§ Exercise data:
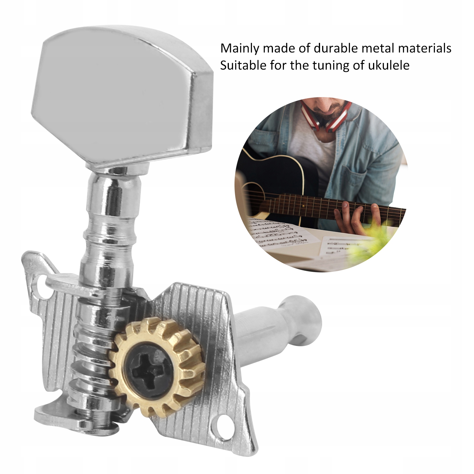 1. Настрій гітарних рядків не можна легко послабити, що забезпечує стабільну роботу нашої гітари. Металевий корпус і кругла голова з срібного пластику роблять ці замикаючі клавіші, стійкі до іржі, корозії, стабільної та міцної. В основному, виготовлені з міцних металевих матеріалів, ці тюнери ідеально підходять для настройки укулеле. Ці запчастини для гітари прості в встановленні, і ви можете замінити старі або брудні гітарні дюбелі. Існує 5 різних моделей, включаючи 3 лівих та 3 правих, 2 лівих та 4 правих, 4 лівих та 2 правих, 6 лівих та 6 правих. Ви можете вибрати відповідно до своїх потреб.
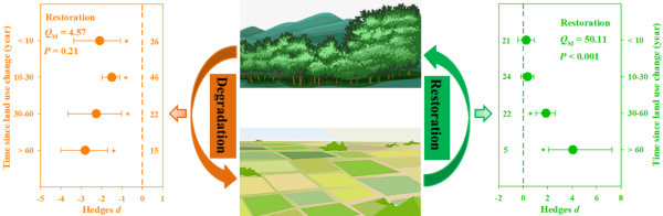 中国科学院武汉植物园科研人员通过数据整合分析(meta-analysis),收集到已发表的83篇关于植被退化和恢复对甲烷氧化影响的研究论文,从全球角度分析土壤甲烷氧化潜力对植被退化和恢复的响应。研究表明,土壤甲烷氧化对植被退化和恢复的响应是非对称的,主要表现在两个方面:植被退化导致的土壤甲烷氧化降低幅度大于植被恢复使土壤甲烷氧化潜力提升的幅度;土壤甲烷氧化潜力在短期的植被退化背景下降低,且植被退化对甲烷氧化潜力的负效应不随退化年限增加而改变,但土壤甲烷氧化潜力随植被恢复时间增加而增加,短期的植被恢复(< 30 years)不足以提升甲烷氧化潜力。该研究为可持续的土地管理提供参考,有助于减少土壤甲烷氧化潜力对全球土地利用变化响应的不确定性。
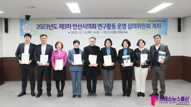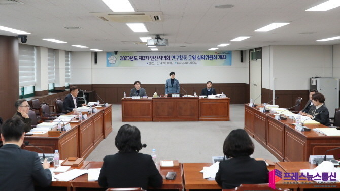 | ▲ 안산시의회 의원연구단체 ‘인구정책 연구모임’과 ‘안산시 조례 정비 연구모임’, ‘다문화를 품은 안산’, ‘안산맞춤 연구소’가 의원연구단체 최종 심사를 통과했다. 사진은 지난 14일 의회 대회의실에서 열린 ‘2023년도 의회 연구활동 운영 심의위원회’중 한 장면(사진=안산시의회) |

...

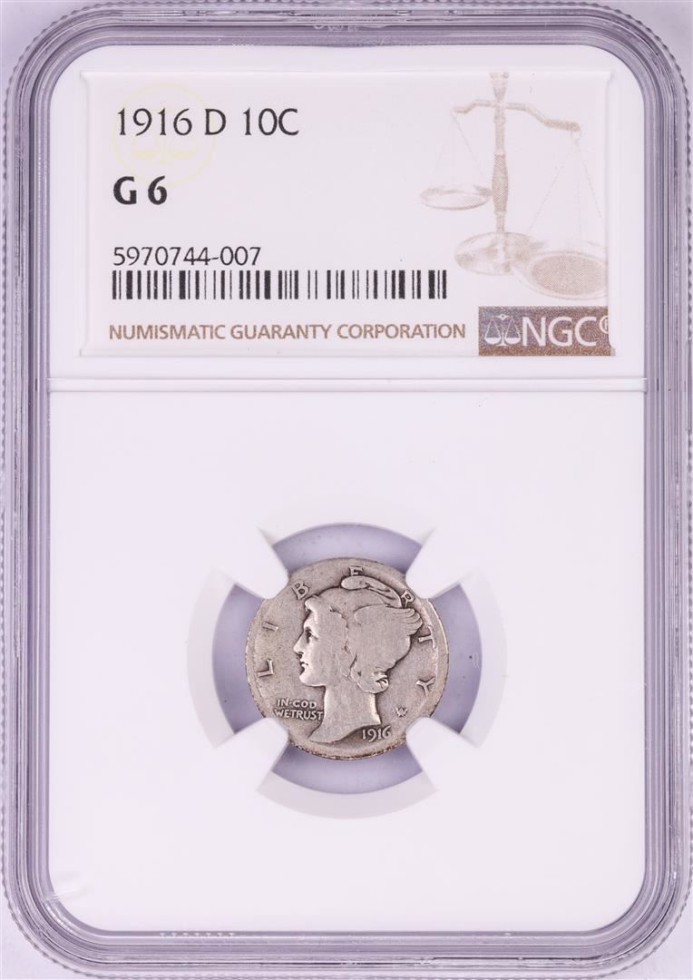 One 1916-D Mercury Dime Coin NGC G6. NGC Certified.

--

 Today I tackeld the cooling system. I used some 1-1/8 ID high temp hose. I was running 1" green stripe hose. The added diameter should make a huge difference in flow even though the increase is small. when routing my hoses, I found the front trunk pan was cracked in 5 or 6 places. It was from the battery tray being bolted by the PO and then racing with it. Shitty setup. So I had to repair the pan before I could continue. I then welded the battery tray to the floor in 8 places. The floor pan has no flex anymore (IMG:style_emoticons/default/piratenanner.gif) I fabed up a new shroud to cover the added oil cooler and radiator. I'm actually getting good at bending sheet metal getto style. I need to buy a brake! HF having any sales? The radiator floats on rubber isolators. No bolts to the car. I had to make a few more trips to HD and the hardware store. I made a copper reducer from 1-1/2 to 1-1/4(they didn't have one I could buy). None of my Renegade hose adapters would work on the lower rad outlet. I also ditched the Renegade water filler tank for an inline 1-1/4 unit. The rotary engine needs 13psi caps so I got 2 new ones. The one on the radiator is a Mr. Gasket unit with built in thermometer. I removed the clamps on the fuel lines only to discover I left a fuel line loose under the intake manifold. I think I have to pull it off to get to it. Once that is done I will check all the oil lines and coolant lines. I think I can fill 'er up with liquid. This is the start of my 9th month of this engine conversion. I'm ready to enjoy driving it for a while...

§ About this exercise: The reply should hold the entries above from the line with "1. Настрій гітарних" to the line with "한 장면(사진=안산시의회) |", duplicated exactly, pictures excluded.

§ Task response:
 1. Настрій гітарних рядків не можна легко послабити, що забезпечує стабільну роботу нашої гітари. Металевий корпус і кругла голова з срібного пластику роблять ці замикаючі клавіші, стійкі до іржі, корозії, стабільної та міцної. В основному, виготовлені з міцних металевих матеріалів, ці тюнери ідеально підходять для настройки укулеле. Ці запчастини для гітари прості в встановленні, і ви можете замінити старі або брудні гітарні дюбелі. Існує 5 різних моделей, включаючи 3 лівих та 3 правих, 2 лівих та 4 правих, 4 лівих та 2 правих, 6 лівих та 6 правих. Ви можете вибрати відповідно до своїх потреб.
 中国科学院武汉植物园科研人员通过数据整合分析(meta-analysis),收集到已发表的83篇关于植被退化和恢复对甲烷氧化影响的研究论文,从全球角度分析土壤甲烷氧化潜力对植被退化和恢复的响应。研究表明,土壤甲烷氧化对植被退化和恢复的响应是非对称的,主要表现在两个方面:植被退化导致的土壤甲烷氧化降低幅度大于植被恢复使土壤甲烷氧化潜力提升的幅度;土壤甲烷氧化潜力在短期的植被退化背景下降低,且植被退化对甲烷氧化潜力的负效应不随退化年限增加而改变,但土壤甲烷氧化潜力随植被恢复时间增加而增加,短期的植被恢复(< 30 years)不足以提升甲烷氧化潜力。该研究为可持续的土地管理提供参考,有助于减少土壤甲烷氧化潜力对全球土地利用变化响应的不确定性。
 | ▲ 안산시의회 의원연구단체 ‘인구정책 연구모임’과 ‘안산시 조례 정비 연구모임’, ‘다문화를 품은 안산’, ‘안산맞춤 연구소’가 의원연구단체 최종 심사를 통과했다. 사진은 지난 14일 의회 대회의실에서 열린 ‘2023년도 의회 연구활동 운영 심의위원회’중 한 장면(사진=안산시의회) |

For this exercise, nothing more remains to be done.